• _Task statement_
Before you return the lines below, strip out any images and keep every word as written.

• _Available data_

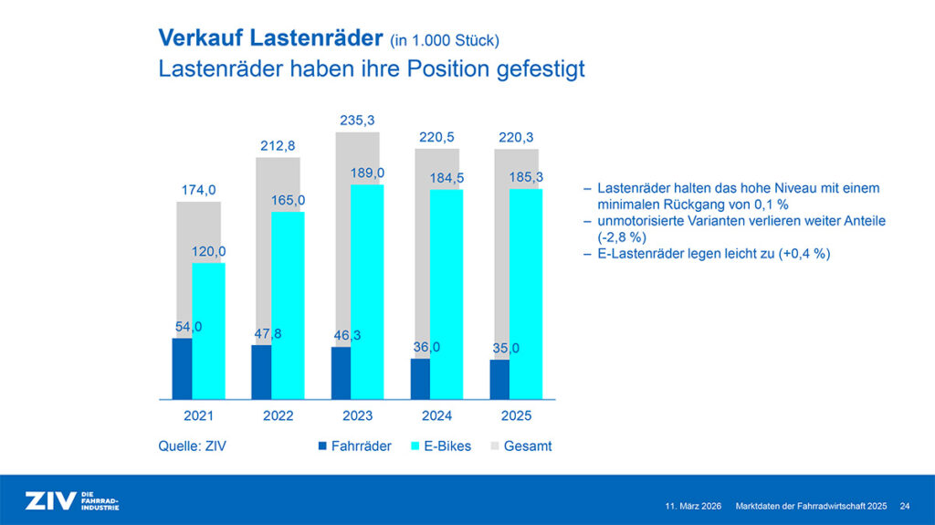 Am Mittwoch stellte der ZIV – Die Fahrradindustrie die Marktdaten der Branche für das Geschäftsjahr 2025 vor. Während die Zahl der insgesamt verkauften Lastenräder im Vergleich zum Vorjahr minimal sank, so stieg sie bei den E-Lastenrädern wiederum leicht an – und knackte dort die Millionen-Marke.
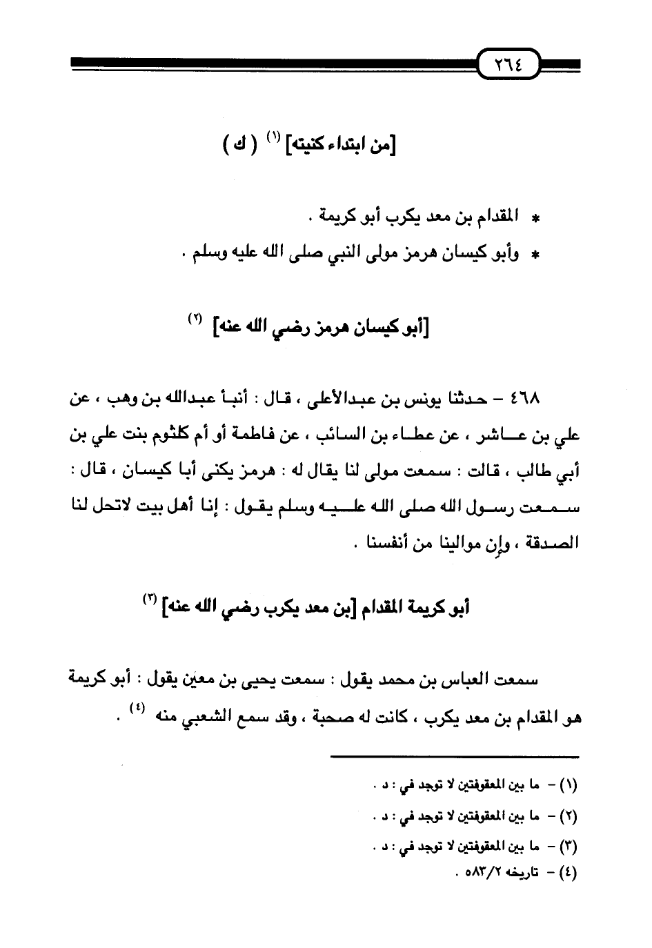 §مَنِ ابْتِدَاءُ كُنْيَتِهِ (ك) الْمِقْدَامُ بْنُ مَعْدِي كَرِبَ أَبُو كَرِيمَةَ. وَأَبُو كَيْسَانَ هُرْمُزُ مَوْلَى النَّبِيِّ صَلَّى اللهُ عَلَيْهِ وَسَلَّمَ
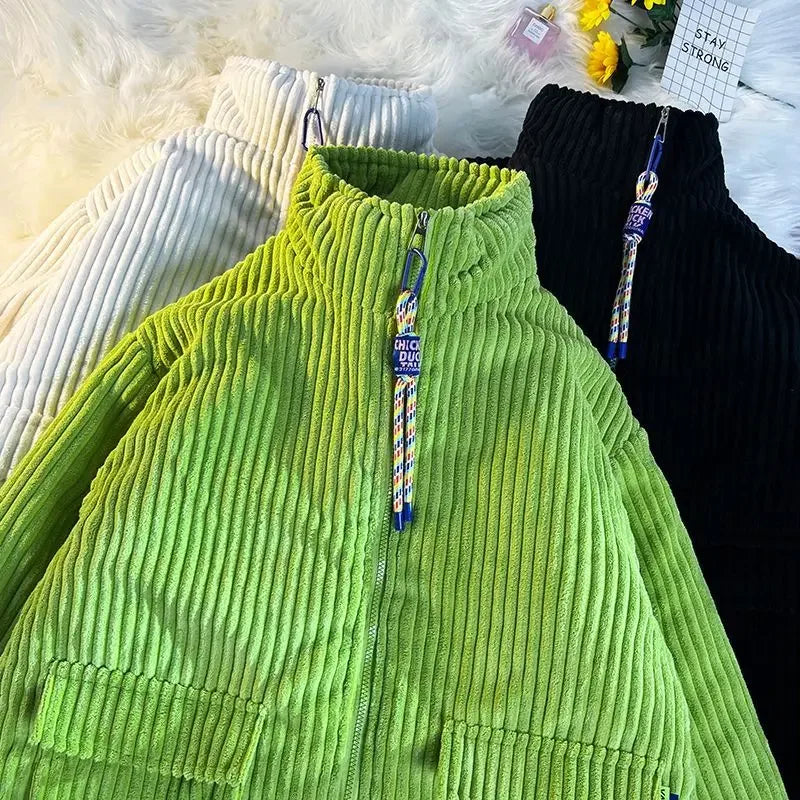 Threebooy Men's Cotton Padded Jacket Winter Corduroy Padded Jackets Female Loose Stand-up Collar Thickened Warm Zipper Solid Color Coats

• _Task result_
 Am Mittwoch stellte der ZIV – Die Fahrradindustrie die Marktdaten der Branche für das Geschäftsjahr 2025 vor. Während die Zahl der insgesamt verkauften Lastenräder im Vergleich zum Vorjahr minimal sank, so stieg sie bei den E-Lastenrädern wiederum leicht an – und knackte dort die Millionen-Marke.
 §مَنِ ابْتِدَاءُ كُنْيَتِهِ (ك) الْمِقْدَامُ بْنُ مَعْدِي كَرِبَ أَبُو كَرِيمَةَ. وَأَبُو كَيْسَانَ هُرْمُزُ مَوْلَى النَّبِيِّ صَلَّى اللهُ عَلَيْهِ وَسَلَّمَ
 Threebooy Men's Cotton Padded Jacket Winter Corduroy Padded Jackets Female Loose Stand-up Collar Thickened Warm Zipper Solid Color Coats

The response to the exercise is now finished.